In my opinion, these discussions miss the real essence of the issue. The question is not whether algorithms and data structures are a requirement for a programmer, it goes without saying it is. What we should debate is the depth of knowledge someone should have on these to be effective at their day to day work. Are we after someone who knows the different sorting algorithms and has a fair understanding of their trade-offs? At work, if this person faces a tricky problem, she knows where to start and then reaches out to Google to aid her? Or, do we want someone who can go to the whiteboard and code the algorithm from scratch and explain the math and computational complexity right in the interview? I can very confidently say that for most of the day to day work, you do not need to ponder on the mathematics behind algorithms and complex data structures.
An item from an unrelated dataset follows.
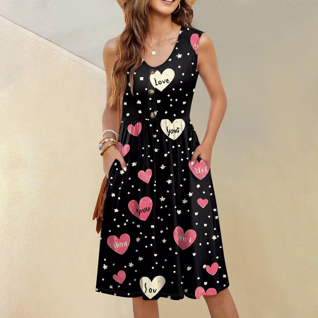 Женское повседневное модное сексуальное платье-туника без рукавов с V-образным вырезом и пуговицами на День святого Валентина
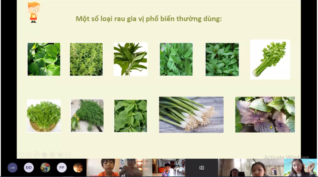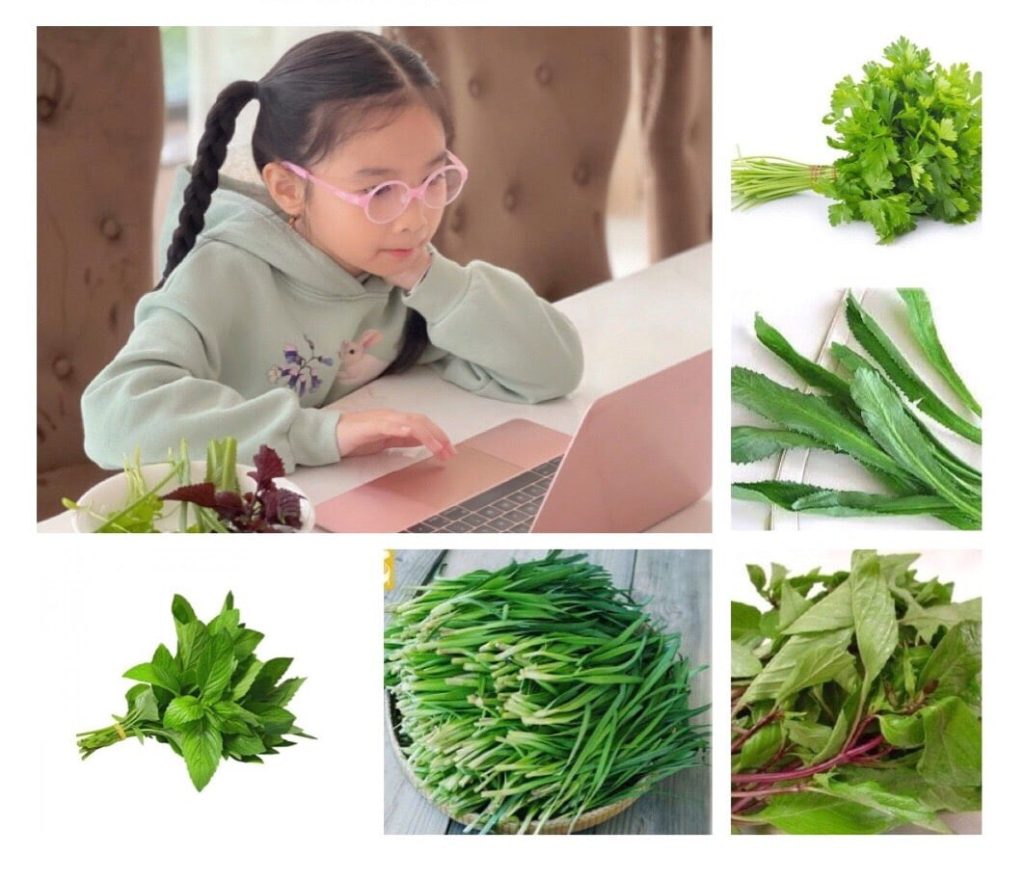 Thú vị nhất là lúc phân loại, nhận biết bằng cách ngửi và nếm. Các bạn bày rau ra xung quanh bàn học để kịp thời giơ lên trước màn hình khi cô hỏi. Có bạn lại cẩn thận dán rau vào giấy và ghi chú thích bên cạnh… Những sự sáng tạo và chủ động rất đáng khen của các cô bé cậu bé mới 7 tuổi. Xem chúng ta có gì nào:

What is required is sound coding and design skills, tenacious curiosity, and a passion for excelling.


What do I mean when I say sound coding skills? The very basics; splitting lengthy code into modules, appropriate comments in the code, test cases, following code conventions and the spirit of the programming language. The above is the foundation of a great project and has a tremendous impact on the future of the project. If you do not follow these basic tenets of programming, scaling the project and modifying it in future becomes a project of its own.

Good design is what helps you scale your application as the business needs change and user base expands. In a web project, a good design would be to have business logic in a separate layer and not tying it up with controllers and views. I have personally seen this helping us at burrp! where we rolled out our mobile app in a month as our backend was flexible enough to support a new interface with minimal changes. If our design was not good, there was no way we could have developed a mobile app which had most of the functionalities of our website in such a short period.

Now coming to the most critical part, curiosity. Why is curiosity such an important trait? Without curiosity, we stagnate. We become complacent. We do not innovate. We do not try to become incrementally better. We think what we know is the ultimate truth and whatever language/framework/methodology that we use is the best. I have interacted with professional programmers who were not aware of PHP which powers a substantial number of websites.

If you are tenaciously curious, when faced with a problem, you start obsessing about it. You see it as a puzzle that has to be solved. For example, if you feel that a part of your code is slow, you dig deep into it and try to figure out what is happening. In this process, you come across people who have faced similar issues and solved the problem using a better algorithm or data structure.

I would say interviews focused heavily on data structures and algorithms are biased towards new college students and people who are just preparing for interviews. Most of these questions are in no way novel. Go to one of the interview preparation sites, spend a couple of days trying to solve the problems and suddenly you become an algorithm and data structures expert. Just because FANGs ask these kinds of questions in their interviews, everyone has adopted this interviewing style, and it has got to a point where interviews are more about showing off the interviewer’s data structure and algorithm skills rather than evaluating whether the person on the other side of the table is a good fit for the job. Also, an unhealthy side effect of this is that in a fury to concentrate on algorithms and data structure skills, everything else gets sidelined.

Unless you are working on some cutting-edge niche project, you do not need people who can whiteboard algorithm and data structure problems in interviews. Hiring people who are infinitely curious and can get incrementally better will give you a much better bang for your buck.